The 2022 agreement was titled “Patient organisation agreement” but was otherwise very similar in content to the 2021 agreement. The 2022 agreement also went on to state that:
“In 2022 [named patient organisation] is seeking support to develop case studies for the Lipid Pathway, in addition to providing updated versions to include new medicines and case studies for the Statin Intolerance Pathway. Also looking to develop a shared decision-making e-learning module, 2x nutrition e-modules, a post CVD event management e-learning module and FH and other genetic conditions.”
Daiichi Sankyo would receive quarterly update reports on progress and development of the programme, including data analytics.
As with the 2021 agreement, the 2022 agreement stated that Daiichi Sankyo would have no educational input to the programme and would provide funding for the e-modules only.
The Panel noted the clarification email from the patient organisation; it stated that the “Lipid management pathway” e-module referred to in the 2021 agreement included information about the lipid management pathway and how to navigate it. However, it did not refer to the AHSN latterly produced “Interactive Lipid Management Pathway” guideline document, which was separate. The sponsorship funding provided by Daiichi Sankyo and other pharmaceutical companies was for the e-module only. The 2022 agreement stated that funding was provided for the further development of the existing e-modules as well as development of new e-modules.
The Panel concluded that Daiichi Sankyo did not directly or indirectly sponsor the development of the “Interactive Lipid Management Pathway” guideline document. In the Panel’s view, given that the material at issue was not the subject of either sponsorship agreement, the requirement to declare the company’s involvement did not arise.
The Panel noted that Daiichi Sankyo’s promotional NICE technology appraisal guidance TA694 (company reference BEM/21/0086) has been the subject of case AUTH/3611/2/22, whereby the Panel ruled breaches of the Code for failing to make immediately apparent to health professionals there was a contraindication regarding concomitant use with simvastatin >40mg daily.

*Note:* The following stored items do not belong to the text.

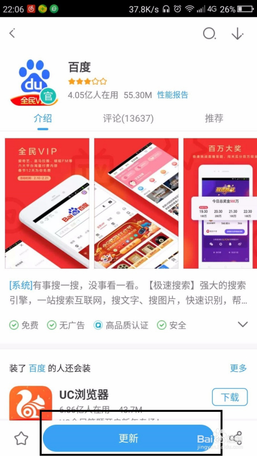手机百度每段时候城市更新一些功能或活动,只有实时更新到最新的版本才能有一些新的功能,下面小编教大师怎么更新手机百度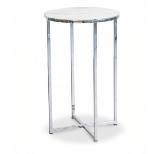 Den frostat glasskivan med en subtil ljus marmorering ger en känsla av lyx, utan att dominera rummet. Tillsammans med det kromade metallunderredet skapas en modern och glänsande kontrast. Denna kombination gör att Palasso sidobord både kan stå ut som en accent eller smälta in i en mer diskret inredning.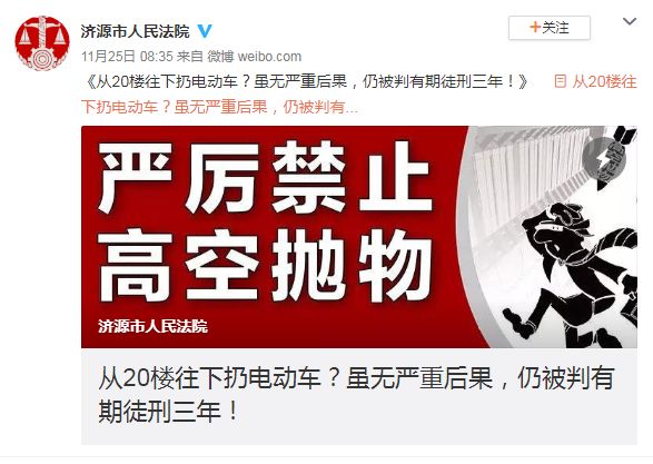 2019年11月14日,最高人民法院印发了《最高人民法院关于依法妥善审理高空抛物、坠物案件的意见》。《意见》明确,故意从高空抛弃物品,尚未造成严重后果,但足以危害公共安全的,以危险方法危害公共安全罪定罪处罚。
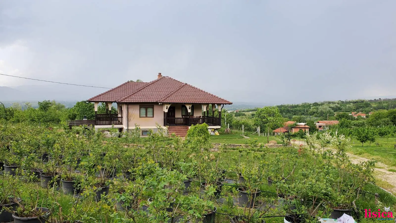 Kuća na plantaži. Prizemni - tehničko-poslovni i spratni - stambeni deo. Plantaža lešnika sa 1500 stabala, borovnice sa 400 sadnica i voćnjak sa 100 voćaka.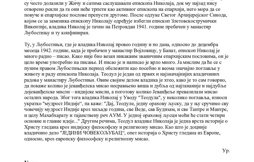 Кључне речи: Владика Николај Велимировић, Теодул, јеванђелска мисао, индијска философија, манастир Љубостиња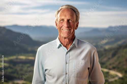 Lifestyle portrait photography of a grinning mature man wearing an elegant long-sleeve shirt against a scenic mountain overlook background. With generative AI technology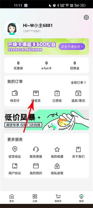 1、点击【我的】找到【e-fun卡】点击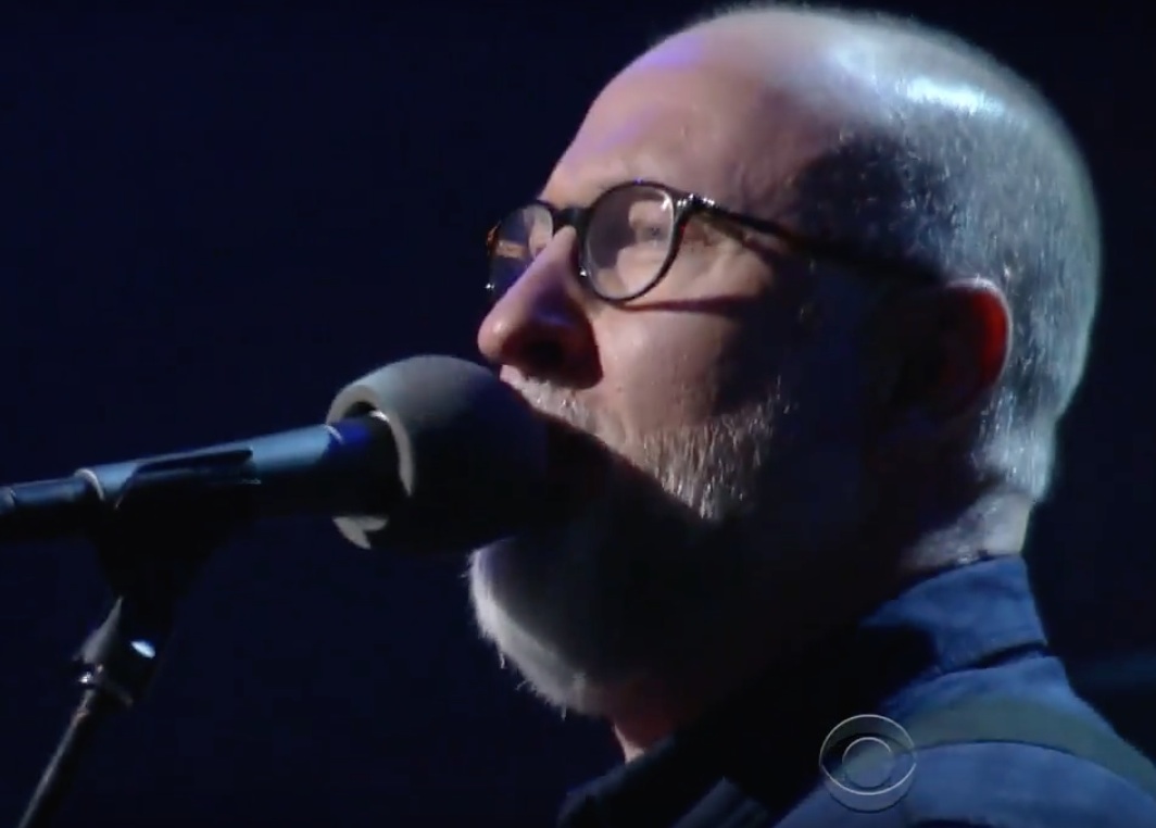 It has to be so, so hard for a punk band to get its point across in a format like the late-night TV live performance. And it has to be even harder when the band's frontman is a 55-year-old legend. And yet motherfucking Bob Mould just brings it every time he gets a chance to rock out on television. Mould released his impressive album Patch The Sky last month. And last night, he was on the Late Show With Stephen Colbert to bash out the rousing apocalypse anthem "The End Of Things" with his great touring band of Jason Narducy and Jon Wurster. Watch him destroying shit below.

The Panel noted Daiichi Sankyo’s submission that it was not aware of, and did not direct the inclusion of, the screenshots of BEM/21/0086 in the material at issue. BEM/21/0086 was certified for promotional use with health professionals, payers and policy makers and provided to Daiichi Sankyo representatives to distribute via email. The intended audience did not include patient organisations. The Panel also noted that neither the patient organisation nor the NHS had sought permission from Daiichi Sankyo to use BEM/21/0086. In the Panel’s view there was no evidence that Daiichi-Sankyo had facilitated, directly or indirectly, reproduction of its promotional material by the health organisation that provided the material at issue or whose names appeared on its front page such that Daiichi-Sankyo was responsible for it.
The Panel concluded that the material at issue was not the subject of a sponsorship agreement between Daiichi Sankyo and the patient organisation, and Daiichi Sankyo was not responsible for the inclusion of BEM/21/0086 in the material at issue. The Panel therefore did not consider the material at issue promotional material for which Daiichi Sankyo was responsible and ruled no breach of Clauses 2, 5.5, 6.1, 6.2, 8.1 and 12.1.